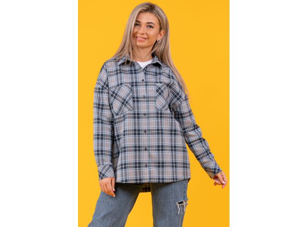 Рубашка оверсайз, тёплая, в клетку, из ткани премиального качества - с начесом с изнанки,100% хлопок (фуле). Рубашка с воротником, рукав длинный, 2 кармана на груди, спинка длиннее полочки.
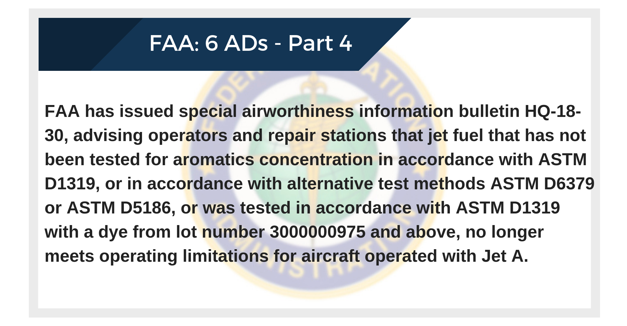FAA has issued special airworthiness information bulletin HQ-18-30, advising operators and repair stations that jet fuel that has not been tested for aromatics concentration in accordance with ASTM D1319, or in accordance with alternative test methods ASTM D6379 or ASTM D5186, or was tested in accordance with ASTM D1319 with a dye from lot number 3000000975 and above, no longer meets operating limitations for aircraft operated with Jet A.
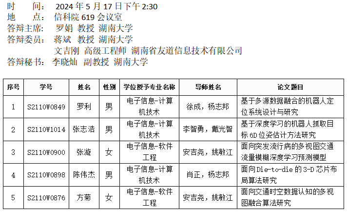 第一会所 (计算机工程系)2024年5月17日硕士答辩公告
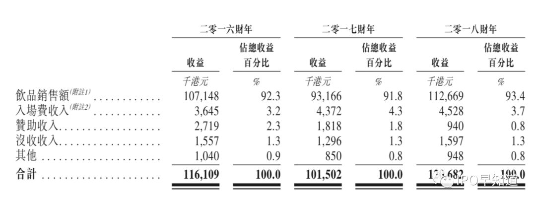 2018财年香港娱乐集团录得1.36亿港元的收益,过去三年复合增长率为6.9%。具体收入来自于销售饮料、入场费和赞助收入,而饮料销售占据了九成以上,是该公司的主要收入来源,并且主要集中产生在Levels、Bungalow两大会所。2018财年,两家会所的每单平均消费达到了2958港币和1392港币。
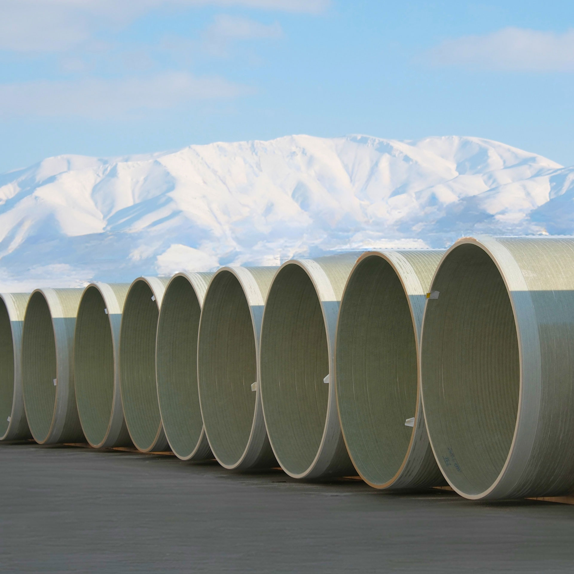 يتم إنتاج أنابيب GRP الخاصة بنا باستخدام آلات اللف المستمر للألياف (CFW)، بأقطار تتراوح بين DN300 mm وDN4000 mm، لتوفير حلول مخصصة لمختلف مشاريع البنية التحتية.
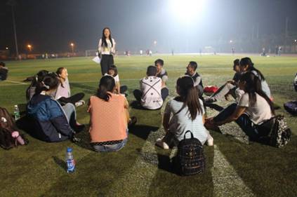 此次活动分为“相识飞飞飞”、“风儿吹吹吹”、“比划猜猜猜”三个环节。在找到各自分组、领取名牌后,每组同学首先进行了自我介绍。一片欢呼声中,第一个环节启动,分小组进行了两个游戏。通过“相识飞飞飞”、“风儿吹吹吹”这两个游戏,大家很快记住了同学们的名字,气氛愈加融洽。在众人期待之下,“比划猜猜猜”游戏开始了。绿茵场上,照明灯下,投影着同学们手舞足蹈的妙曼身姿,洋溢着青春的笑语。所谓破冰,便是在这一点点的交流中,融化横亘在同学们之间的冰,让距离感不复存在。接下来,第二个环节开始,由带队学长学姐抽取惩罚项目。在他们的表演过程中精彩瞬间频频上演:四大壮男演绎别样小天鹅;学长带头,齐跳《小苹果》,顿时嗨翻全场;儿歌《小星星》与《爸爸去哪儿》的混搭萌出新花样,尽显同学们最本质的稚嫩童真之心。最后人体拼写的“CUFE”将中财印在了操场那片嫩绿之上,更融在了每一位15级新生的心里。
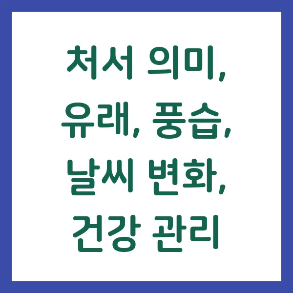 처서는 여름의 끝자락과 가을의 시작을 알리는 절기입니다. 자연의 변화에 귀 기울이고, 건강 관리에 유의하여 새로운 계절을 맞이할 준비를 해야겠습니다. 옛 조상들의 지혜가 담긴 전통 풍습을 되새기며, 환절기 건강을 지키고 풍요로운 가을을 맞이하시길 바랍니다.
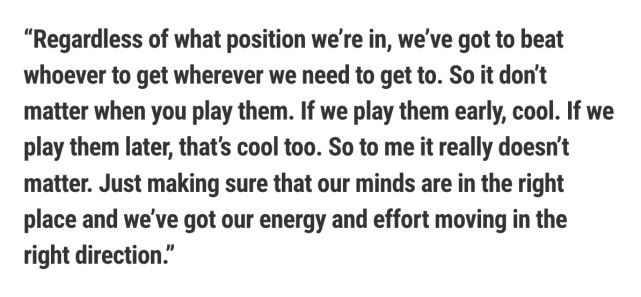 “无论我们身处什么位置,我们都必须击败任何人才能到达到那个位置,所以这并不重要,这对我来说真的无所谓,只要确保我们的方向处于正确位置,并且我们的精力和努力都朝着正确方向前进。”
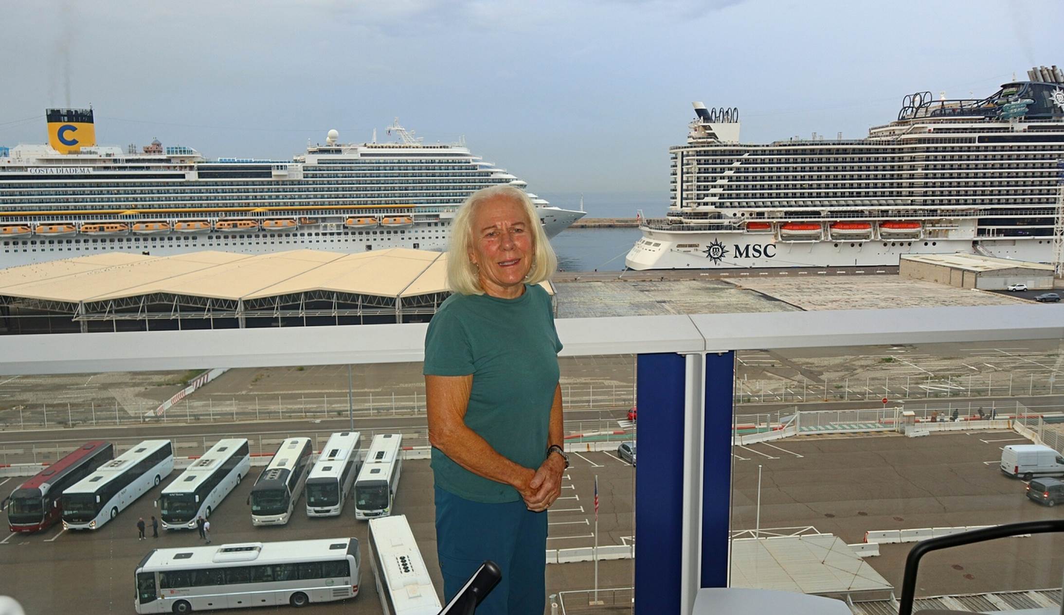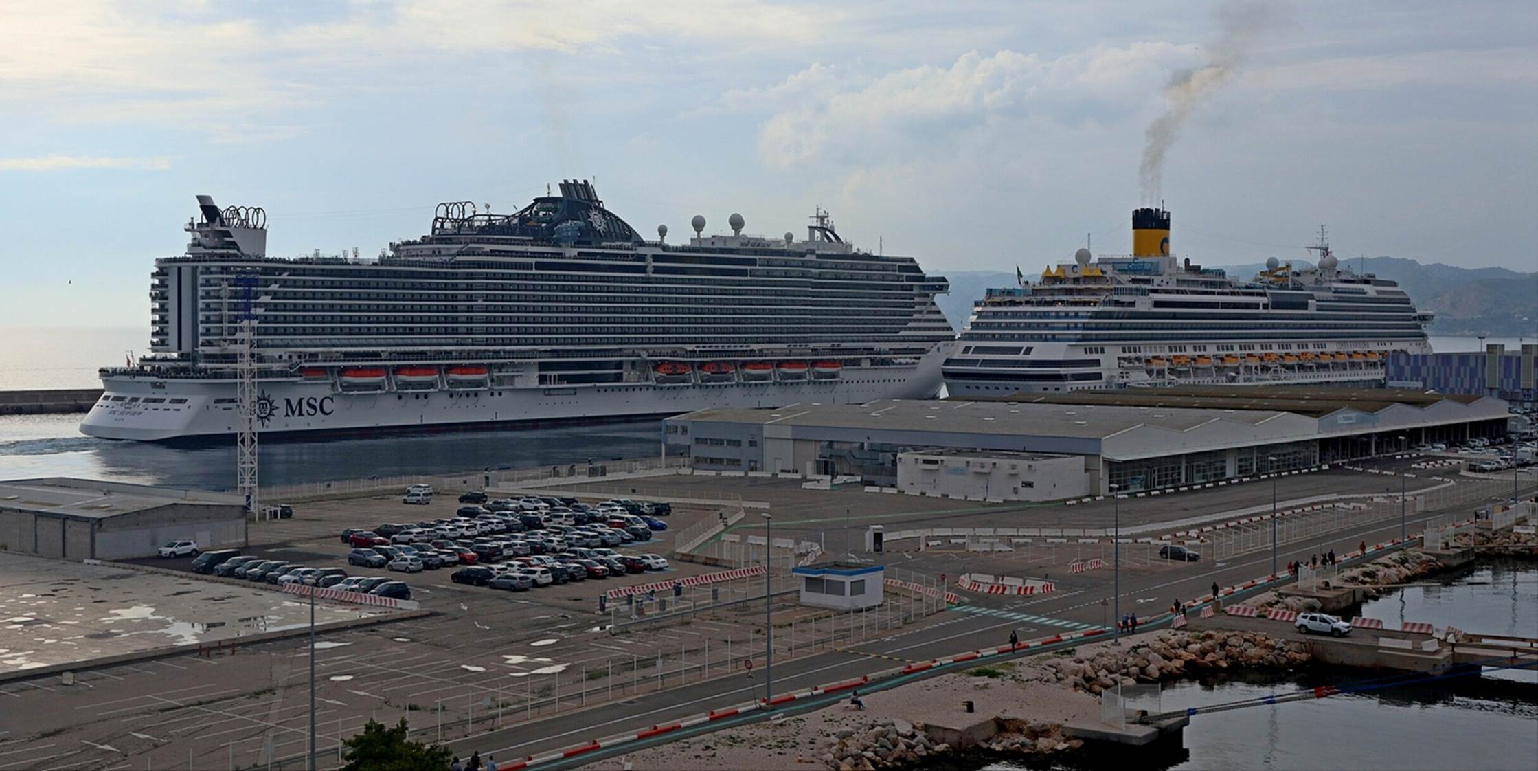 The photo above gives a good idea of the size of the palace complex in the relatively small Avignon village but this video may give an even better feel for it. Time to head back to Marseille and the Beyond, so we got back in the car and arrived back to the port in midafternoon. Back on the beyond, we relaxed and had a glass of wine on our veranda. About 5:00 things started happening… the ships were leaving port, including ours. Seeing these large ships maneuver themselves around the docks and other ships was interesting.
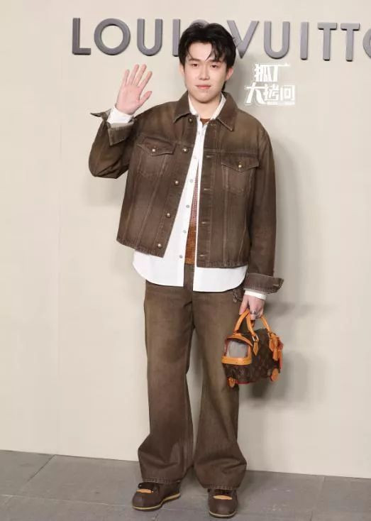 作为品牌大使,这次他全身以驼色套装为主,还是那么腼腆。
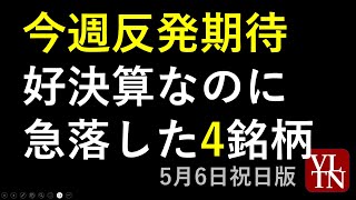 今週反発期待、好決算なのに急落した4銘柄。5月6日祝日版~あす上がる株。最新の日本株情報。高配当株の株価やデイトレ情報も~
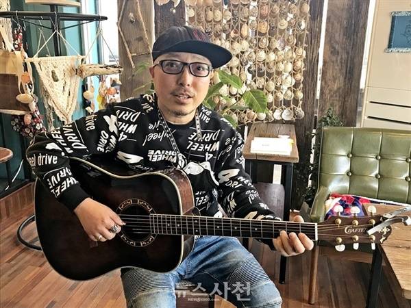 | ▲ 박재범 씨는 사천에서 음악을 하면서 행복을 많이 느낀다고 말했다. 사진은 박 씨가 기타를 연주하는 모습. |
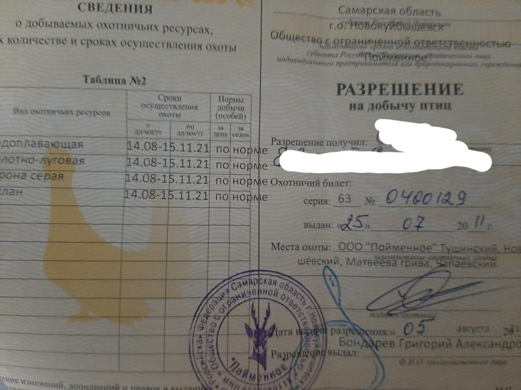 днями приобретал путевку на водоплавающую в Пойменном. При оформлении обнаружил, что срок действия оной — с 14.08.2021 по 15.11.2021, что в общем-то вызвало вопрос, поскольку указанный срок никак не коррелирует с 209-ФЗ, Приказом Минприроды от 24.07.2020 и утвержденными вышеуказанным приказом Правилами охоты. Напомню, что в Правилах охоты (п. 51.1) срок охоты на водоплавающую, болотно-луговую, степную и полевую дичь в период со второй субботы августа по 31 декабря, единый и непрерывный.
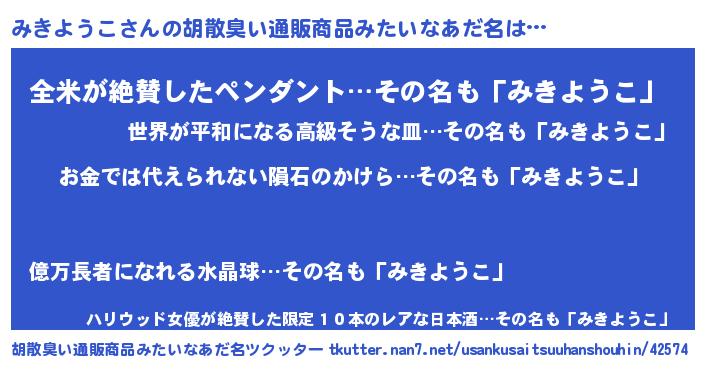 | ヒーロー風カッコイイあだ名 | 『慈愛の使者みきようこ』『炎刃騎士ミキ』 |
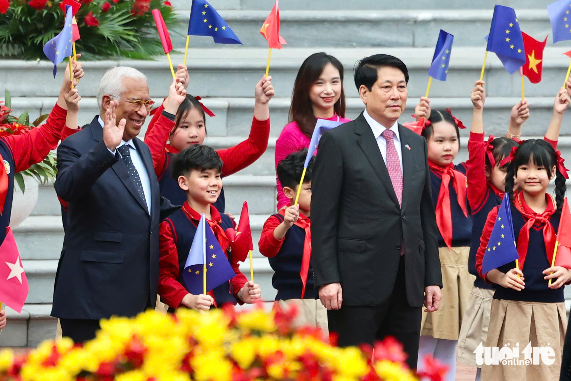 Thiếu nhi thủ đô vẫy cờ chào đón Chủ tịch Hội đồng châu Âu António Costa - Ảnh: NGUYỄN KHÁNH
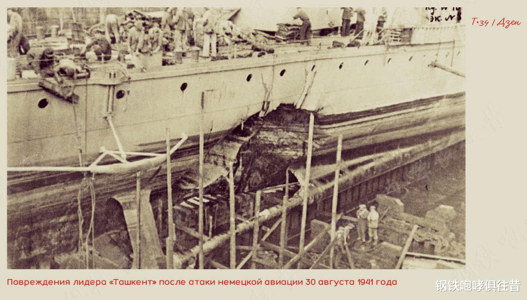 1941.8.30【塔什干】舰艉右舷被德空军近失弹爆炸造成严重伤害
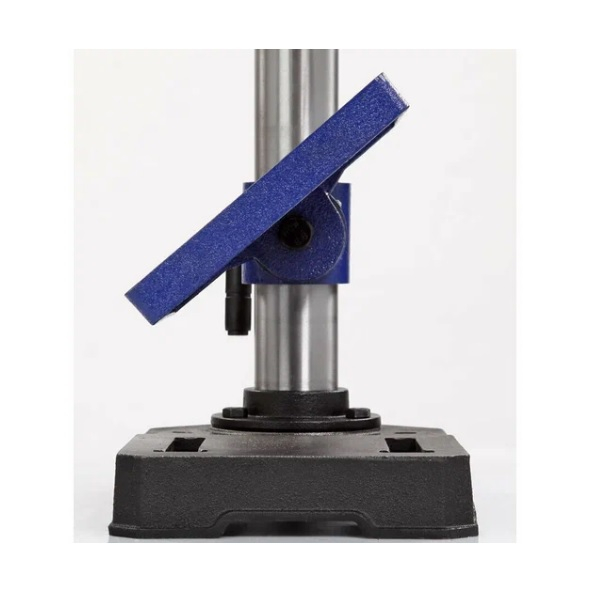 Скорость вращения шпинделя с ременным переключением. Заготовку легко закрепить на рабочем столе или основании в зависимости от ее размера. Стол фиксируется на стойке зажимом.
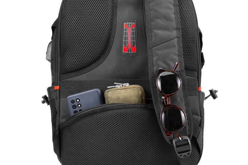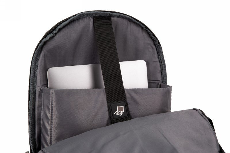 Šioje kuprinėje yra integruota USB ir ausinių AUX jungtys, jog savo telefoną, planšetinį kompiuterį ar kitus įrenginius galėtumėte pasikrauti bet kokiu metu, prijungus išorinę bateriją. Tai itin patogu kelionių metu.

•••

No pictures should appear; only the lines from the first line of the records through the line with "第一会所 (计算机工程系)2024年5月17日硕士答辩公告", both included, are to be restated word for word.

• **Answer**:
 Рубашка оверсайз, тёплая, в клетку, из ткани премиального качества - с начесом с изнанки,100% хлопок (фуле). Рубашка с воротником, рукав длинный, 2 кармана на груди, спинка длиннее полочки.
FAA has issued special airworthiness information bulletin HQ-18-30, advising operators and repair stations that jet fuel that has not been tested for aromatics concentration in accordance with ASTM D1319, or in accordance with alternative test methods ASTM D6379 or ASTM D5186, or was tested in accordance with ASTM D1319 with a dye from lot number 3000000975 and above, no longer meets operating limitations for aircraft operated with Jet A.
 第一会所 (计算机工程系)2024年5月17日硕士答辩公告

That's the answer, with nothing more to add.